### Information provided
§ §

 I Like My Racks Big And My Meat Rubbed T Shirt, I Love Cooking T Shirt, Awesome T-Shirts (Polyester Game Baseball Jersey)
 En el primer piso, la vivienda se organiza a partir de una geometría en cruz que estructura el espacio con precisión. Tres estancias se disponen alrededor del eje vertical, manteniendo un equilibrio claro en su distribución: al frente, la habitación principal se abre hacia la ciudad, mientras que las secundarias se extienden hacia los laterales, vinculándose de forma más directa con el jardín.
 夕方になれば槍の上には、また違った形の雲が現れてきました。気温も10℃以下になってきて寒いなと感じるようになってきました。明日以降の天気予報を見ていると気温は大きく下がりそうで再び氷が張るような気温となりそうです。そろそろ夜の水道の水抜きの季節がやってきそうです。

§ §

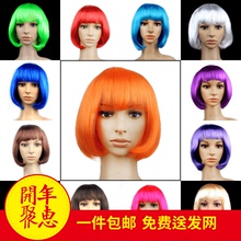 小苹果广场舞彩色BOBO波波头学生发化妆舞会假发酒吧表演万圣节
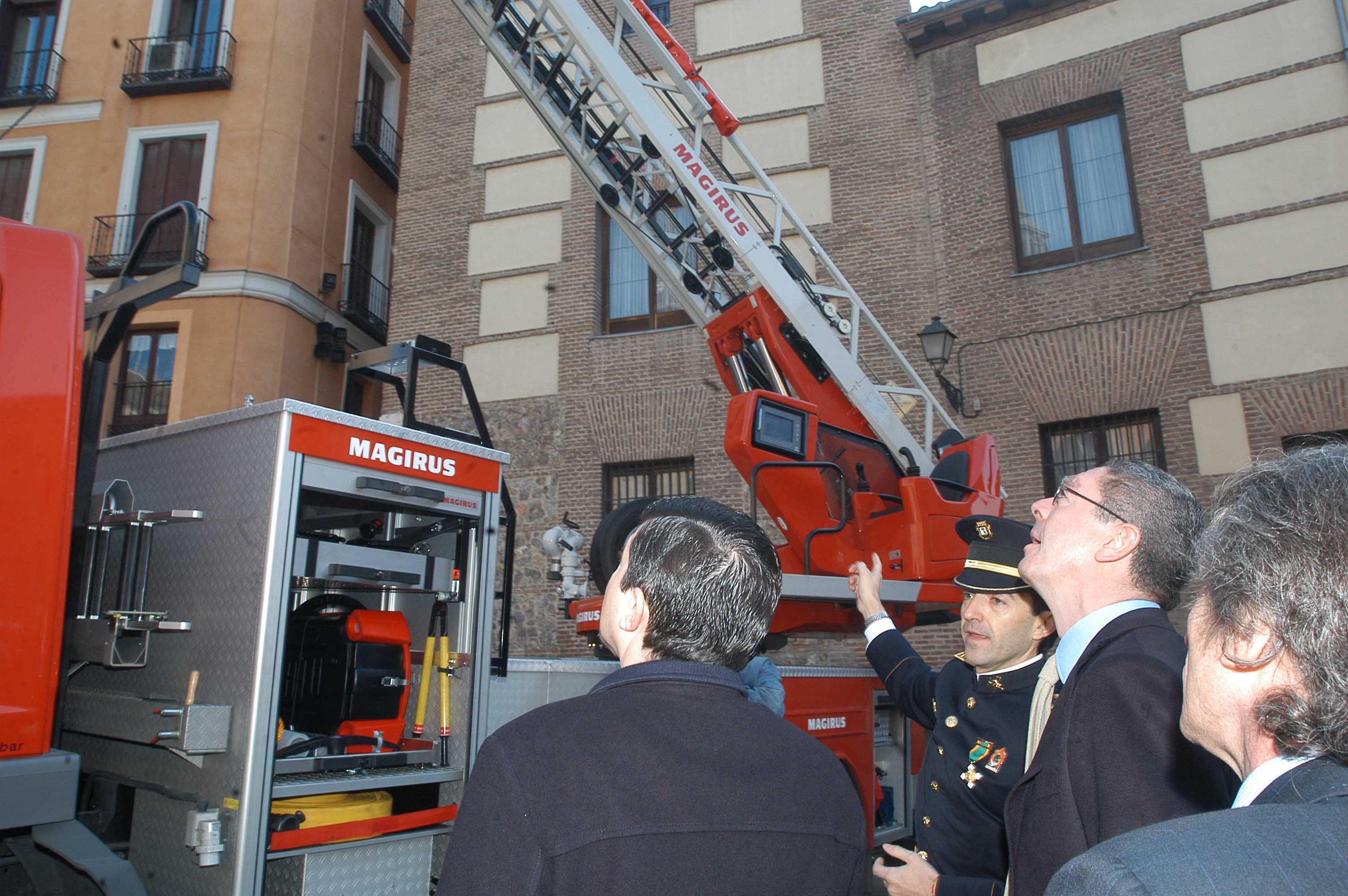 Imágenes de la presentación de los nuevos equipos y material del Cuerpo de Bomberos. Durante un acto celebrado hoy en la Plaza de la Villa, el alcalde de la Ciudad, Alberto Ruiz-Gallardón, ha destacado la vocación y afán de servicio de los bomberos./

§ §

### Work to complete
In the material above, transcribe exactly the lines beginning at the one with "I Like My Racks" and ending at the one with "夕方になれば槍の上には、また", both included.

### Response area
 I Like My Racks Big And My Meat Rubbed T Shirt, I Love Cooking T Shirt, Awesome T-Shirts (Polyester Game Baseball Jersey)
 En el primer piso, la vivienda se organiza a partir de una geometría en cruz que estructura el espacio con precisión. Tres estancias se disponen alrededor del eje vertical, manteniendo un equilibrio claro en su distribución: al frente, la habitación principal se abre hacia la ciudad, mientras que las secundarias se extienden hacia los laterales, vinculándose de forma más directa con el jardín.
 夕方になれば槍の上には、また違った形の雲が現れてきました。気温も10℃以下になってきて寒いなと感じるようになってきました。明日以降の天気予報を見ていると気温は大きく下がりそうで再び氷が張るような気温となりそうです。そろそろ夜の水道の水抜きの季節がやってきそうです。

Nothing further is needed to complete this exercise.